■ **THE TASK**
Look through the material below and copy exactly the lines from the line with "Descubra o Surf" to the line with "Kartka o wymiarach", those two lines included.

··· DATA SUPPLIED ···

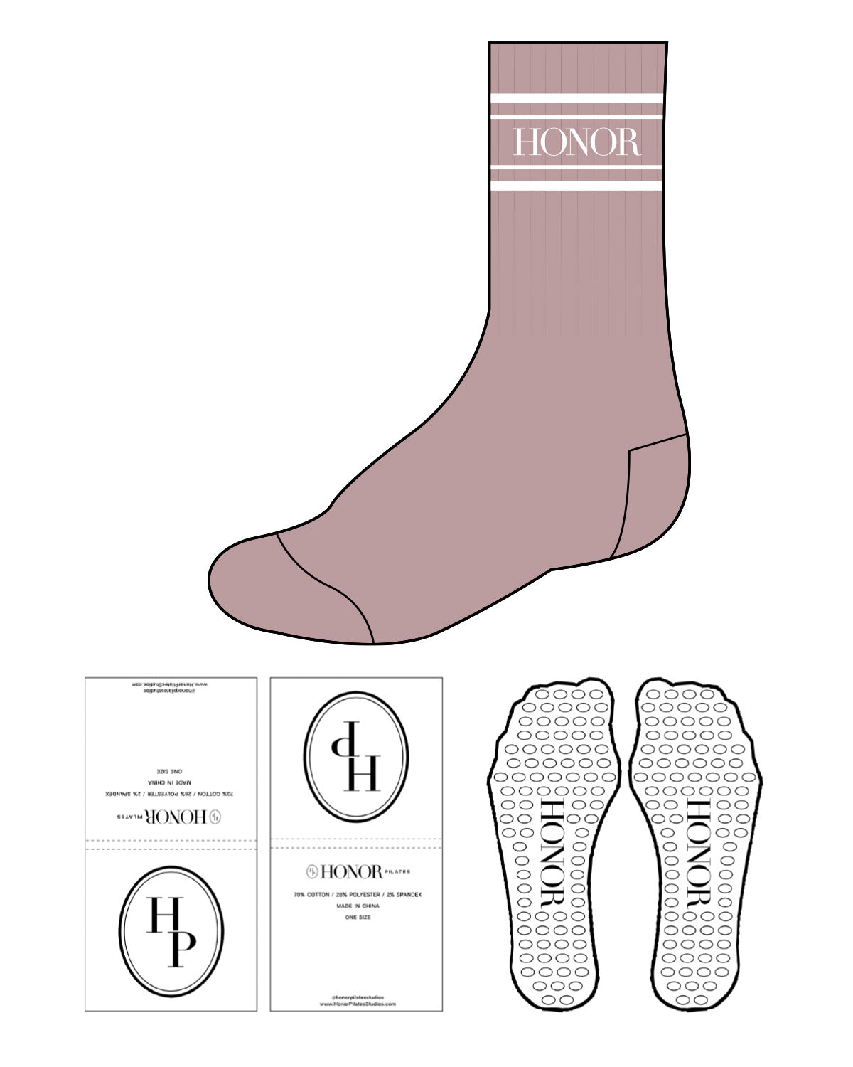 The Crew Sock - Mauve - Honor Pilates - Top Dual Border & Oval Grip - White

···
··· DATA SUPPLIED ···

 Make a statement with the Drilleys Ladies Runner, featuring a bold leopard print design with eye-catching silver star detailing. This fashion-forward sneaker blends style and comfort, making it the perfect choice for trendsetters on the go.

···
··· DATA SUPPLIED ···

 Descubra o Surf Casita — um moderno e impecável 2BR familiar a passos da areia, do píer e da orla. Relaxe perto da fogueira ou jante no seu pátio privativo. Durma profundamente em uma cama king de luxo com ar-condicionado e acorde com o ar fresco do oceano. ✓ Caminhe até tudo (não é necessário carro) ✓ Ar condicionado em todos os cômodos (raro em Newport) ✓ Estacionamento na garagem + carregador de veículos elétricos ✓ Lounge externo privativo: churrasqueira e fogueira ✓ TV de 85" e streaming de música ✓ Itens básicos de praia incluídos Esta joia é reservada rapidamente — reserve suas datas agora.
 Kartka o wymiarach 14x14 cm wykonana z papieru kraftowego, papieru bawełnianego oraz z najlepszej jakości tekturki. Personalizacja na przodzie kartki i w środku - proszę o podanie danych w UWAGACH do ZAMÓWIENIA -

···

■ **TASK ANSWER**
 Descubra o Surf Casita — um moderno e impecável 2BR familiar a passos da areia, do píer e da orla. Relaxe perto da fogueira ou jante no seu pátio privativo. Durma profundamente em uma cama king de luxo com ar-condicionado e acorde com o ar fresco do oceano. ✓ Caminhe até tudo (não é necessário carro) ✓ Ar condicionado em todos os cômodos (raro em Newport) ✓ Estacionamento na garagem + carregador de veículos elétricos ✓ Lounge externo privativo: churrasqueira e fogueira ✓ TV de 85" e streaming de música ✓ Itens básicos de praia incluídos Esta joia é reservada rapidamente — reserve suas datas agora.
 Kartka o wymiarach 14x14 cm wykonana z papieru kraftowego, papieru bawełnianego oraz z najlepszej jakości tekturki. Personalizacja na przodzie kartki i w środku - proszę o podanie danych w UWAGACH do ZAMÓWIENIA -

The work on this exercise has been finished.